Фридрих весь напрягся, сдерживая нервы, и это напряжение он воспринимал как бы в прямом, а не переносном смысле слова — будто в руках у него была туго натянутая, готовая вот-вот лопнуть струна.
— Вы нервничаете? — спросил Хальштрём.
— Немного, — ответил Фридрих, — не стану отрицать. Есть у тебя силы и, кажется, даже кой-какой умишко, а вот применить их никак не можешь, когда опасность так близка.
Вильгельм промолвил:
— Так уж и опасность? Нет, коллега, до этого еще не дошло. Во-первых, винт скоро опять заработает, а кроме того, если мы и в самом деле ляжем в дрейф и поставим штормовые паруса, через недельку на нашей посудине будет полный порядок.

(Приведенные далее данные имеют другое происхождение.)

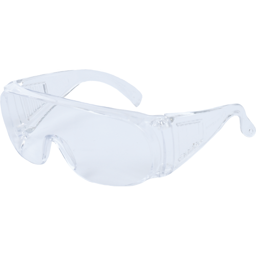 Okulary ochronne, bezbarwna panoramiczna szybka klasy 1F, dostosowane do noszenia okularów korekcyjnych.
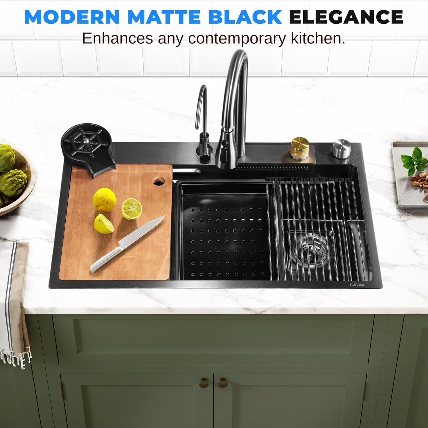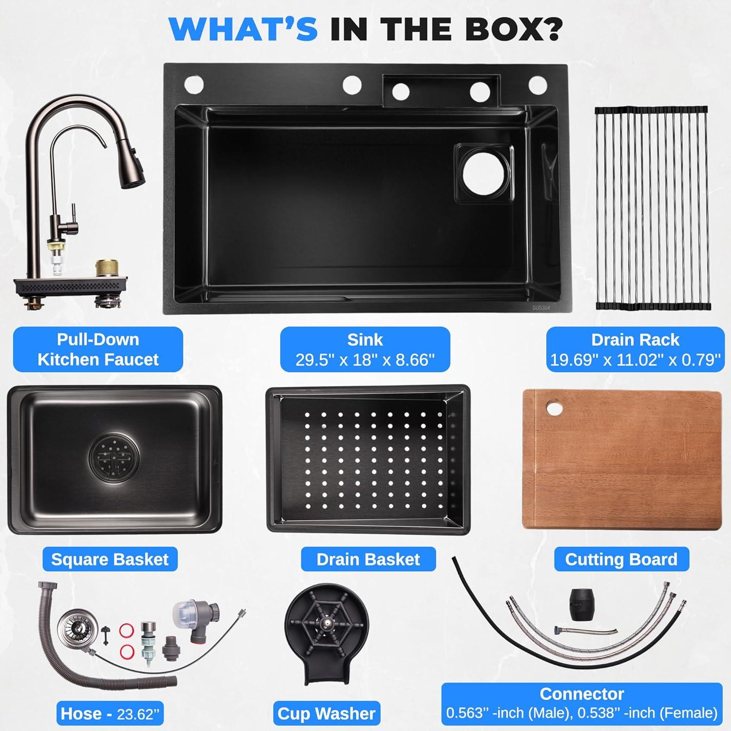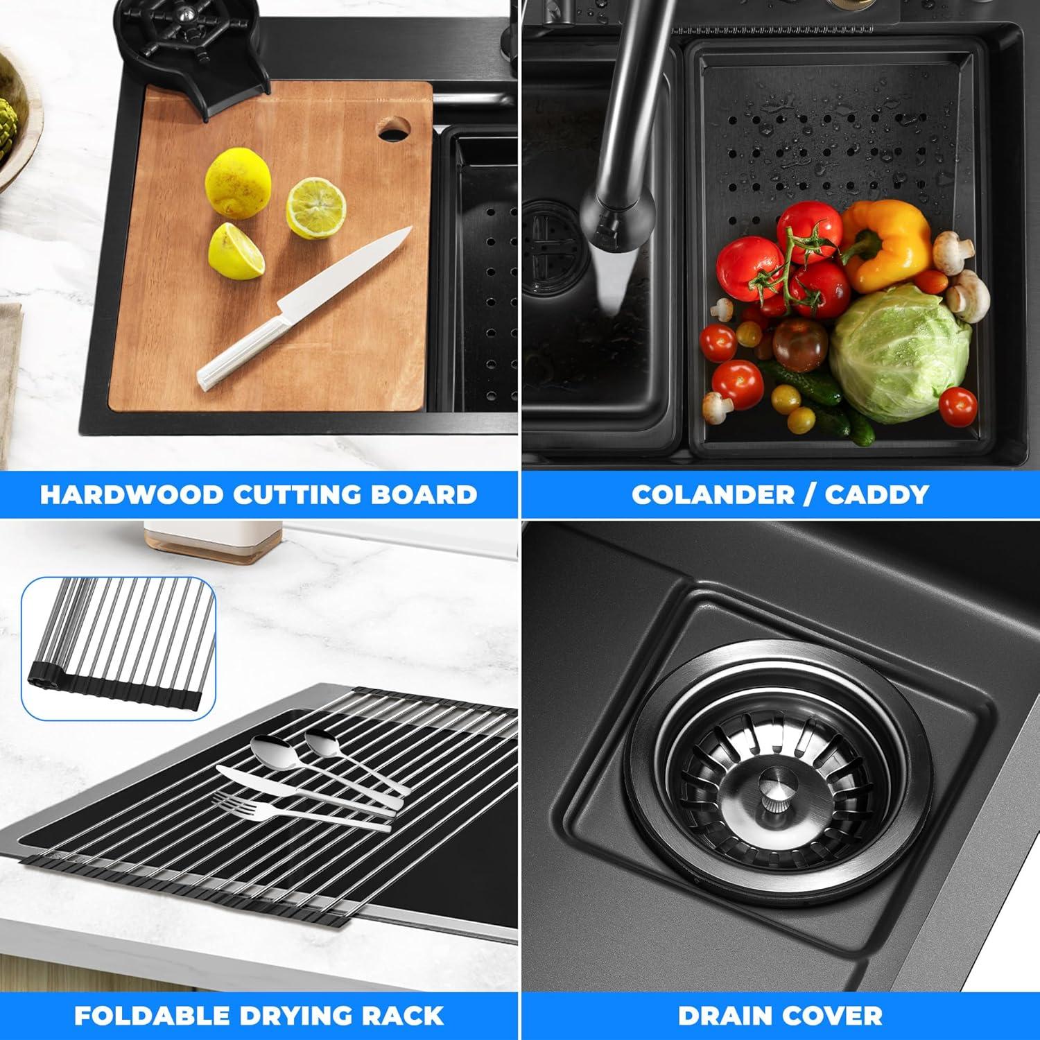 COMPLETE KITCHEN SOLUTION – Upgrade your kitchen with this comprehensive package, including a stainless steel kitchen sink, drain rack, shower faucet, water purifier tap, square basket, basin spray, cutting board, and cup washer.
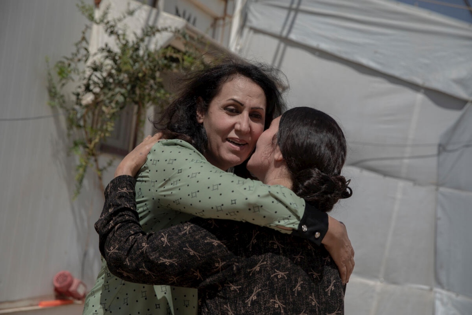 أربع نساءٍ يجلسن معاً حول طبيبة الأمراض النسائية نغم حسن في مقصورة من غرفة واحدة في مخيم روانغا للنازحين، الواقع في إقليم كردستان العراق. ترتدي الدكتورة نغم معطفاً أبيض اللون وتطمئن كل مريضة على حدة. تقترب أكثر، ممسكة بيد ليلى، ثم تستدير قليلاً لتتفحص نبض امرأة أخرى بنظرة يغلب عليها التركيز الشديد.
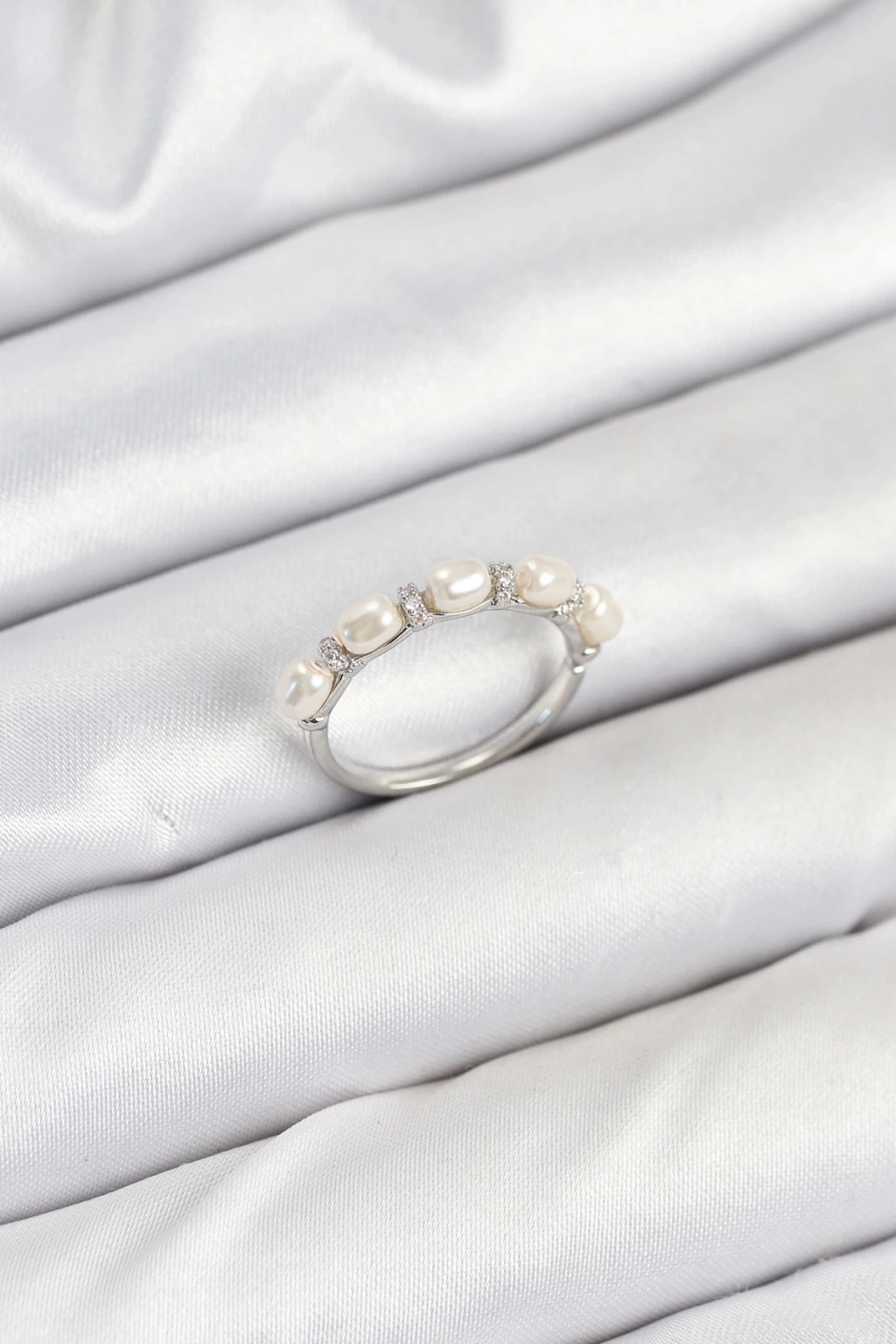 ÇOK SATAN Pirinç Gümüş Renk Sıralı İncili Kadın Yüzük

— Полный порядок? — спросил Хальштрём. — А что вы под этим подразумеваете, господин доктор?
— Шторм идет с норд-норд-веста. Такой корабль в открытом море вряд ли опрокинется. Значит, скорее всего нас прибьет к Азорским островам, и в один прекрасный день мы окажемся там в какой-то гавани. Но, может быть, нас унесет еще дальше на юг, и тогда не исключено, что через неделю мы бросим якорь у Канарских островов и увидим великолепный пик на острове Тенерифе.
Хальштрём пробурчал в ответ:
— Премного благодарен за пик на Тенерифе. Но мне нужно в Нью-Йорк. У нас контракт.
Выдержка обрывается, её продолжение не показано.